Well, at 25 years old I was losing my virginity. Yes, I took a long time to start my sexual life, I know. I was a lot more shy than I am today (but I still am a little bit on specific situations). I didn't use any ilegal drugs, now I experimented many different drugs. I used to be more explosive with people, I was more insecure, I was more sensitive regarding any "bad" comment or "bad" gesture or "bad" look towards me. I was very naïve in several aspects. I used to get addicted very easily into games and now I can control better myself. I read more now, I write more now, I am more dedicated into art and now for the first time I have a job on something that I always wanted. I broke up with all my close friends of the time and now I spend most of my time with a "new" (years of friendship already) close friend. I got involved with other women besides my ex-girlfriend. I dance way more now and I started to like poetry. I became a birdwatcher (maybe one day I'll be a birder). I started to love history (the science). I learned some new things. I started to learn more spanish due to WA community. I am interested in fashion. I realized that I have ADHD and I can cope with that better now. I am more me now.

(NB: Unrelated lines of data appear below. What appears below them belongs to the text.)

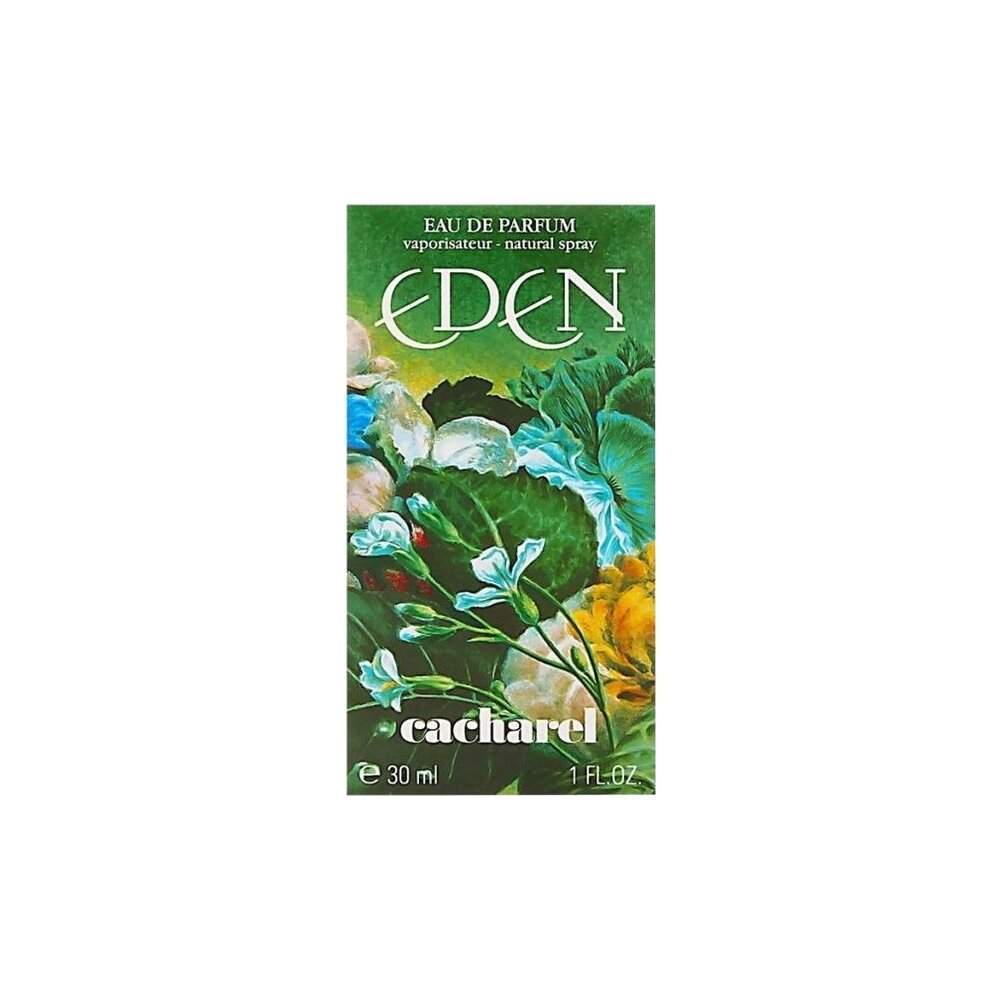 Eden Cacharel — это аромат для женщин, который принадлежит к группе цветочных ароматов. Eden выпущен в 1994 году, парфюмер: Jean Guichard. Верхние ноты: мандарин, персик, бергамот, лимон. Ноты сердца: мимоза, ананас, тубероза, дыня, цветок граната, жасмин, водяная лилия, ландыш, лотос и роза. Ноты базы: сандал, бобы тонка, пачули, акация и кедр.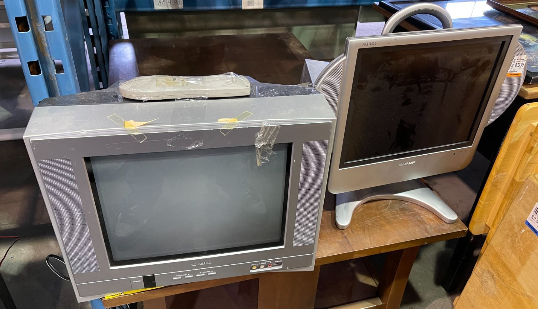 14  Toshiba TV w/ remote / 14  Sharp Aquos TV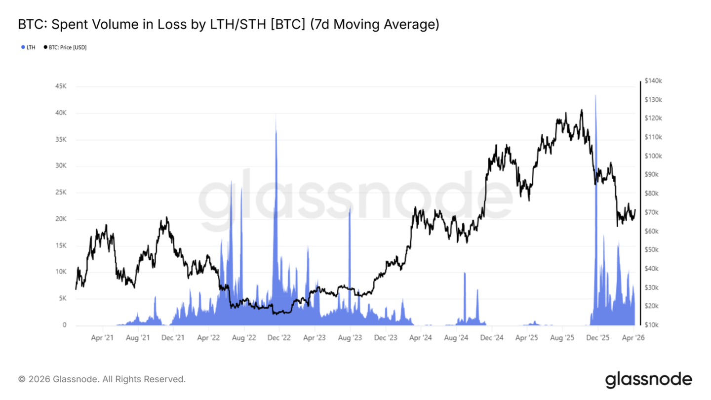 后者可以通过长期持有者已实现亏损量的七天移动平均值来监测。自 2025 年 11 月以来,该指标一直保持在每天四千枚比特币以上。这反映出顶部买入者仍在持续投降,他们尚未消化掉亏损头寸。该指标持续降温至每天低于一千枚比特币,再加上价格重新收复短期持有者成本基线,即 81600 美元,将共同构成最可靠的链上确认信号。这表明当前的熊市阶段正在向牛市前夜的复苏结构过渡。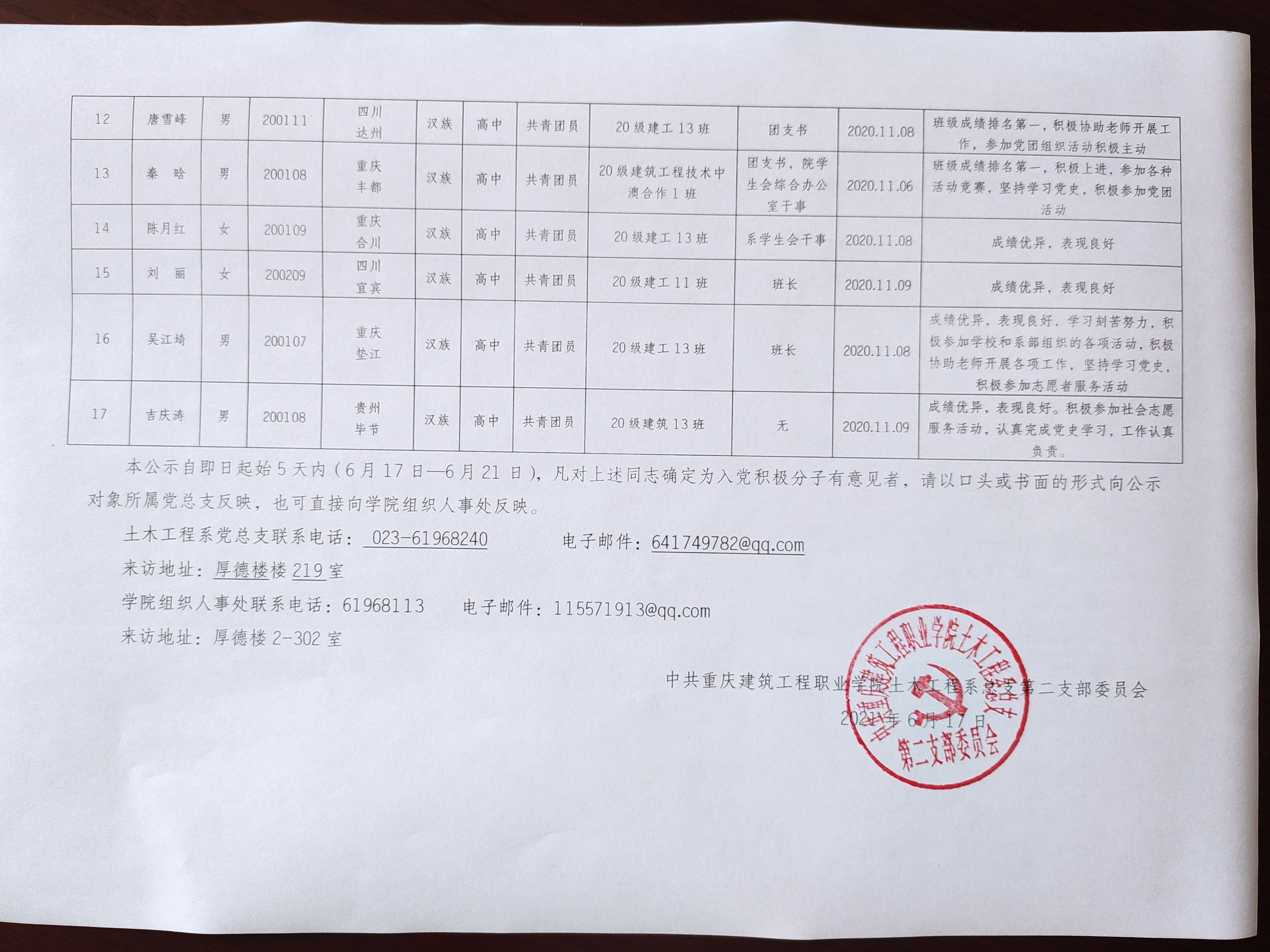 关于确定吴显槟等17名同志为入党积极分子的公示

But, at the same time I'm more sedentary and stopped practicing mountaineering and climbing. I had many love disappointments. I still feel a huge void inside me and I'm still not very happy, hardly ever I smile. I rarely laugh. I feel sad about what's happening with the world, the rise of fascism, the rise of hate, fake news, coup attempts, stupid "patriotism", ignorant people, controled people. I don't talk with many people for long time (since we broke up). f@#!ing pandemic.
Yes, my life changed a lot in 5 years.